Webinar #47 on December 11, 2018

Philipe Ambrozio Dias from the Marquette University’s Electrical and Computer Engineering Department in Milwaukee, USA presented a webinar on Tuesday, December 11, 2018, 12:30pm.

A video of the webinar is available at this link [115 MB] as well as on YouTube.

Talk details

Title: Towards automated bloom intensity estimation: (un)supervised learning, datasets and annotation tool for fruit flower segmentation.

An apple tree in an orchard is labeled using CNNs.

Labeling of apple flowers (outlined in blue) using CNNs, work of Philipe Dias and co-authors. Image courtesy Philipe Dias.

Abstract: Bloom intensity estimation provides early fruit yield estimation and is crucial to guide processes such as pruning and thinning, which directly impact fruit load and quality. Yet, human visual inspection is still the dominant approach for bloom intensity estimation in orchards, a technique time-consuming and prone to errors. In this presentation, we will be highlighting our recent progresses towards automated and more accurate methods for estimating bloom intensity. By means of finetuning, we have been exploiting convolutional neural networks (CNNs) for multi-species fruit flower detection. As modern CNNs tend to output rather coarse masks for segmentation tasks, we have also developed an unsupervised module for segmentation refinement. Since there is a lack of datasets for fruit flower detection, we annotated images of multiple species of fruit flowers and made them publicly available. To obtain such pixel-accurate annotation masks in a timely manner, we have been developing an open-source annotation tool that will also benefit the community.

Supplementary/Reading materials

Dias, P.A., Tabb, A. Medeiros, H. “Multispecies Fruit Flower Detection Using a Refined Semantic Segmentation Network” IEEE Robotics and Automation Letters, vol. 3, no. 4, 2018.

Publisher link, Open access: COVISS

Companion dataset:

Dias,P.A., Tabb, A., Medeiros, H. (2018). Data from: Multi-species fruit flower detection using a refined semantic segmentation network. Ag Data Commons. http://dx.doi.org/10.15482/USDA.ADC/1423466

Dias, P.A., Tabb, A., Medeiros H.“Apple flower detection using deep convolutional networks,” Computers in Industry, vol. 99, 2018.

Publisher link, Open access: arXiv

Peach tree bloom are outlined in blue by an algorithm using CNNs.

Labeling of peach flowers (outlined in blue) using CNNs, work of Philipe Dias and co-authors. Image courtesy Philipe Dias.

 

Dias, P. A.; Medeiros, H. “Semantic Segmentation Refinement by Monte Carlo Region Growing of High Confidence Detections” Asian Conference on Computer VIsion (ACCV), 2018. [to appear]

Open access:COVISS

 

Dias, P. A.; Shen, Z.; Tabb, A.; Medeiros, H. “FreeLabel: A Publicly Available Annotation Tool based on Freehand Traces”  Winter Conference on Applications of Computer Vision (WACV), 2019.

Open access: COVISS

Software: COVISS

Biographical information
Philipe Ambrozio Dias, Webinar speaker on December 11, 2018.

Philipe Ambrozio Dias, webinar speaker on December 11, 2018.

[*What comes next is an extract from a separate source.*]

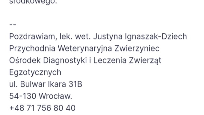 Na początku nie wiedzieliśmy ze to coś poważnego ale na kolejny dzień wciąż to się utrzymywało, i nie zwłocznie wybraliśmy się do weterynarza, który znajduje się we Wrocławiu Zwierzyniec, mimo iż byliśmy nie umówieni to klinika nas przyjęła.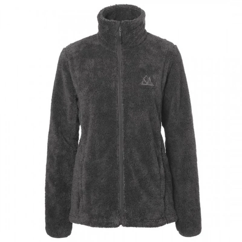 High pile fuzzy fleece with cozy high collar for additional coverage and warmth and 3D Mountain Horse logo embroidery.

Philipe Ambrozio Dias is a PhD student in Electrical and Computer Engineering at Marquette University. At the COVISS Laboratory, he works with Dr. Henry Medeiros on the development of novel machine learning algorithms for image and video understanding tasks. Philipe has been exploring topics such as convolutional neural networks, unsupervised clustering for segmentation refinement, and transfer learning for applications in agricultural and health-care scenarios.

 

Philipe received his Bachelor’s degree in Electrical Engineering and M.S. in Electrical and Computer Engineering from the Federal University of Technology, Brazil. He also holds a M.S. degree in Information Technology from the Hochschule Mannheim in Germany.